三和モーター商会は、京都府中部の京丹波市と福知山市の間の山間に位置する三和町にある。自動車販売と整備そして自動車保険を扱う同社は、社長の真一氏と奥さんそして整備士の従業員三名という小規模な会社ながら、ガソリンスタンドチェーンやカーディーラーとは差別化した独自のサービス提供やアイデアで、地元の人々の心を掴み続けている。

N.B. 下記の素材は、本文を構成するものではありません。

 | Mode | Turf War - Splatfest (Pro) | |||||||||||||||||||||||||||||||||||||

三和モーター商会の創業は51年前。生まれ育った三和町で商売をしたいと心に決め、京都市内の京都ホンダモーターで修業をしていた真一氏の父・太一氏が地元へ戻り、自宅を改装して自転車とバイクを取り扱う店として開業した。自動車の販売と整備を学んで来たものの当時の三和町地域には自動車の需要はほとんど無く、バイクさえもまだまだ少ない状況ゆえの選択だった。しかし、開業してすぐにバイクの販売が順調に伸び、間もなく自動車を取り扱うようにもなった。自動車時代の到来を感じ取った太一氏は新しく国道9号線が出来たのに伴い、その沿線に工場と店舗を移転した。
現社長の真一氏が誕生したのはこの頃のことだ。
「僕には姉がいて、小さな頃から姉には『あんたは家を継いだらええんやから、道が決まっててええなぁ』と言われて育って来たんです」という真一氏だが、中学生の頃には「決められた道」ではなく「ものづくり」に憧れ、舞鶴の高等専門学校への進学を選び、卒業後も自動車とは全く関係の無い会社に就職した。

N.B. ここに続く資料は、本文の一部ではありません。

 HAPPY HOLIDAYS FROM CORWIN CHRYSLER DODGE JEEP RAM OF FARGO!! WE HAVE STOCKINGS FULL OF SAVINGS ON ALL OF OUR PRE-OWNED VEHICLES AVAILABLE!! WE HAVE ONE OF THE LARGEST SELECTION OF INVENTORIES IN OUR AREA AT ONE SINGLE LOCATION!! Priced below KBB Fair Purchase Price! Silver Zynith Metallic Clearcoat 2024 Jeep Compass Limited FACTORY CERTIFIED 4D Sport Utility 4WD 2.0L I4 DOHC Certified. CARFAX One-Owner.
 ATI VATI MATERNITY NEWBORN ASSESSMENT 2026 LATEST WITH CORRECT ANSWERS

しかし、就職して二年後、それまで自ら自動車運転免許や整備士資格を取って家業を支えて来た母親が体調を崩した事をきっかけに真一氏は父親の会社を継ぐことを決意。この頃すでに次々新しくなる自動車について行けなくなり、自社では整備をほとんどやっていなかったため京都市内の自動車販売会社に転職し、修業した上で故郷へ戻り父親の会社に入社。
それから8年間父親のもとで働き、平成12年に新社長に就任、事業を継承した。